Depois de 40 minutos de metrô, chego finalmente na casa dos meus amigos, quase às 9 da noite. O reencontro entre um brasileiro e um italiano que não se viam há um mês produziu uma torrente de palavras de ambas as partes que ia muito além da capacidade humana de compreensão. Cacofonia e caos totais. Foram necessários alguns minutos para percebermos que não estávamos entendendo nada do que o outro dizia, concentrados que estávamos na necessidade vital de expressarmos, em 5 minutos, todos os acontecimentos das últimas semanas.

Finalmente as interrupções recíprocas diminuíram e conseguimos nos comunicar. Falei sobre o espetáculo Gênes 01, baseado no texto de Fausto Paravidino, que eu assistira alguns dias antes na região de Paris, tema do post no qual eu trabalhara no final de semana e no T.G.V., e que eu deveria publicar em no máximo 3 horas, caso não quisesse perder o prazo limite de segunda-feira (o Contramão surgiu em dezembro de 2008, com um texto semanal, sempre às segundas-feiras).

Mal eu começara a falar sobre o espetáculo e Giuliano me interrompeu de novo para contar que ele havia estado em Gênova em julho de 2001, partindo em seguida buscar as fotos que ele fizera na ocasião. Depois da Butte-aux-Cailles, “coincidência”em Bruxelas.

Ao chegarmos no restaurante, Giuliano começou a contar com detalhes a sua história. Quando ele chegara em Gênova no final do primeiro dia de conflitos, ele se depararia com um clima bizarro, estranho.
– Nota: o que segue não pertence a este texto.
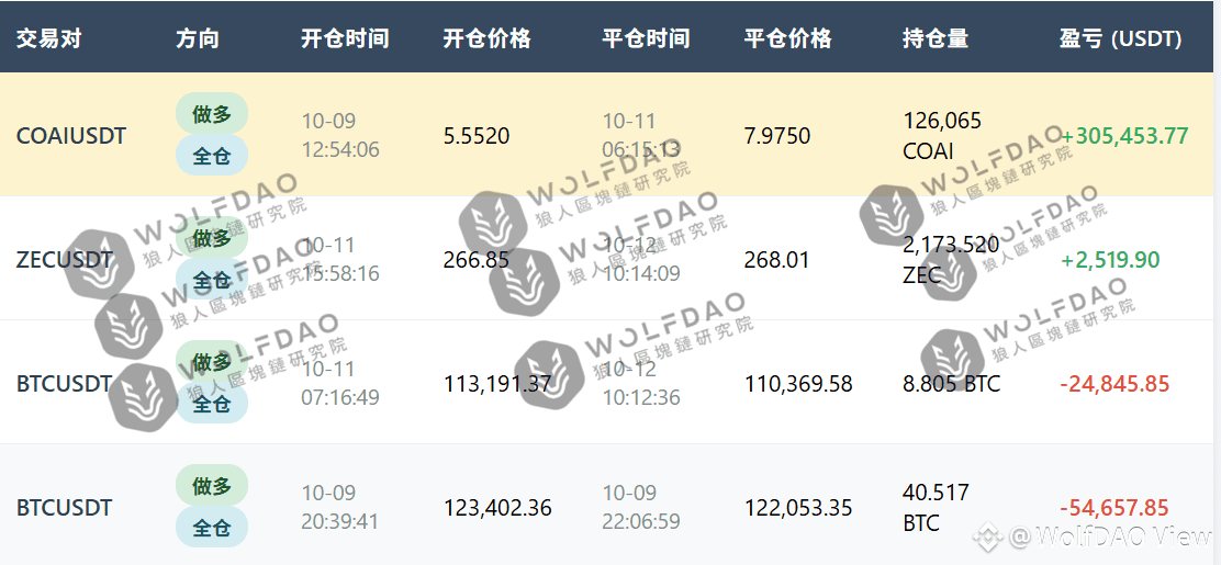 从收益率曲线来看,他在10月11日凌晨市场崩盘时的ROI达到了惊人的280.53%,关键的交易是COAIUSDT这笔神来之笔——他在10月9日以5.55美元的价格开多126,065个COAI,两天后在市场最恐慌时以7.975美元平仓,单笔净赚30.5万美元,这笔交易贡献了他总收益的绝大部分。

Algo fora do normal havia acontecido, mas ele não sabia o que, pois havia feito o trajeto de carro, sem rádio, e não ficara sabendo dos acontecimentos que culminariam na morte de Carlo Giuliani. Ao procurar explicações para o clima de guerra, Giuliano conheceu um morador da cidade, que ofereceu hospedagem. Caso contrário, ele teria ido acampar na Escola Diaz, e talvez fosse mais um dos espancados pela polícia.

Giuliano me contou então sobre o massacre da Escola Diaz, um dos episódios que mais me chocara na peça. No momento em que dezenas de policiais invadiram a escola para massacrar os manifestantes que lá estavam acampados, Giuliano estava por acaso em um bar próximo. Durante o massacre, ninguém entrava e ninguém saía da escola. Duas horas de terror. Giuliano contou que algumas pessoas entraram no bar, desesperadas e impotentes, pedindo socorro pelos massacradros. O clima ficou tão tenso e pesado que o dono do bar local fechou as portas do local para impedir que as pessoas saíssem e entrassem em conflito com a polícia.
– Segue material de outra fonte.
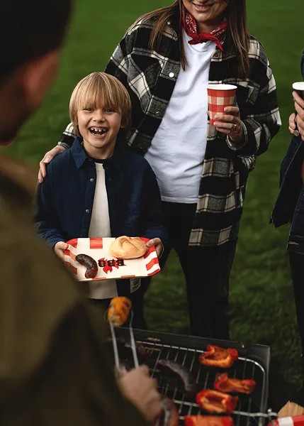 Τετράγωνα χάρτινα πιάτα με εντυπωσιακό σχέδιο BBQ σε κόκκινο και κρεμ χρώμα, διακοσμημένα με μαύρη επιγραφή και φλόγα στο κέντρο.

Giuliano falaria mais tarde com algumas pessoas que estavam ao redor da escola, que ouviram, sem poder fazer nada, os gritos de terror que vinham de dentro, e que viram, chocadas, a centena de feridos saindo, 30 dos quais de maca, alguns cobertos, como se fossem cadáveres.
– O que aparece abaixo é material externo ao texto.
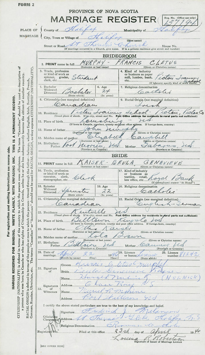 28. Date of marriage April 22 1946 29. By license or banns License 30. License number 81242

Giuliano contou ainda que, ao assistir mais tarde as informações transmitidas pela televisão sobre os acontecimentos do dia, teve impressão de que estavam falando de um outro planeta, tal era a distância entre a versão dos fatos e que estava realmente acontecendo.

Terminamos o jantar e as histórias. Fomos para casa, exaustos após um dia longo de trabalho, e com um gosto de revolta e impotência na boca por causa de Gênova. Chegamos em casa alguns minutos antes da meia-noite. O texto longo e com erros de ortografia e gramática precisava de um trabalho de revisão que demandaria um tempo superior aos poucos minutos que me restavam para que fosse publicado dentro do prazo de segunda-feira. Optei em publicar o texto mesmo assim.

Além disso, os fatos que Giuliano havia acabado de relatar precisariam ser publicados, juntamente com algumas de suas fotos. Surgia assim a idéia do post de hoje, um post scriptum ao texto daquele dia 16.